A 2nd impediment to the adoption of blockchain in a well-established industry, as with any fresh technology, is simply the inertia of existing solutions. Any blockchain-based solution for any sector would require major infrastructure switches and wide-scale user adoption. Particularly in the case of blockchain, where a technology went from non-existent to worldwide buzzword in two years, more conservative companies will need to see a number of successful use cases before even thinking about adopting this fresh technology.
With all that in mind, many businesses recognize the potential of blockchain and are working hard to make the transition effortless. IBM specifically has invested significant resources into the Hyperledger Platform and has released significant documentation and tooling for developing blockchain-based applications.
Why Is the SEI Investigating Blockchain?
The defense sector has identified a number of potential use cases for blockchain technology.
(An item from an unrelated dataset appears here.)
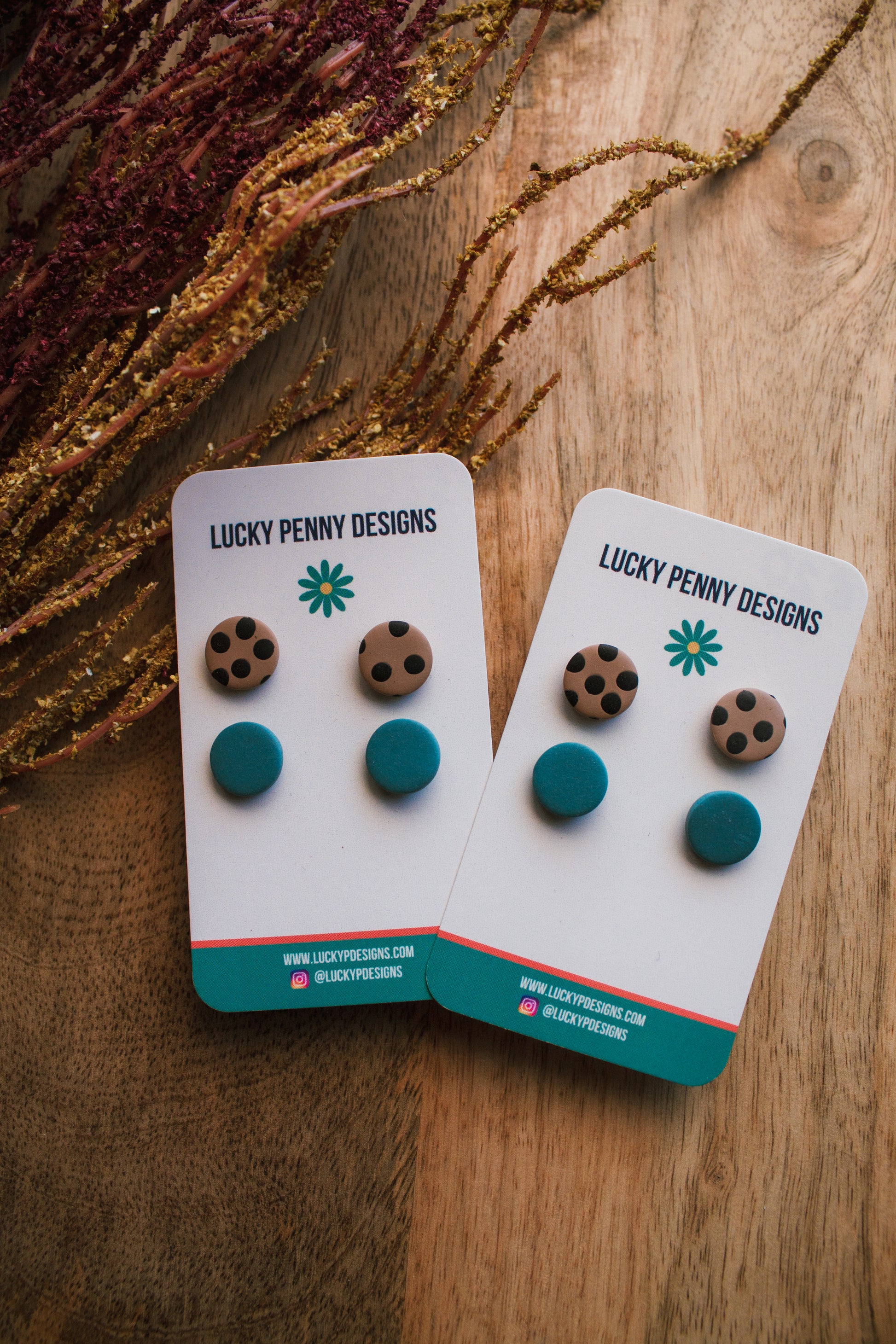 Introducing a chic and playful duo - the Brown and Black with Blue Studs! With its simple yet stylish design, these earrings feature a unique combination of blue, brown, and black studs that will add a pop of color to any outfit. Perfect for those looking for a touch of flair!

The Department of Homeland Security (DHS) recently distributed $400,000 to four blockchain companies to investigate the use of blockchain in identity management and privacy protection. DARPA recently initiated a program researching the applicability of blockchain technology to secure, resilient messaging. The Office of the Assistant Secretary of Defense for Readiness also recently put out a Broad Agency Announcement (BAA) that included research into the applicability of blockchain technology to training and readiness programs.
At the SEI, we have also been investigating the use of blockchain technology within the DoD. Taking advantage of our deep understanding of software engineering principles, our current concentrate has been on ensuring that the blockchain application-development process doesn’t expose applications and users to unnecessary risk. Unluckily, as with any fresh technology, early adopters have helped expose a number of significant design flaws with existing blockchain implementations. Our team is focused on developing a “secure by design” language that can be used for blockchain application development. By creating a language that specifically makes certain types of bugs unlikely to create, we aim to significantly reduce the risk inherent in the adoption of blockchain technology. We will describe this work in greater detail in a forthcoming blog post.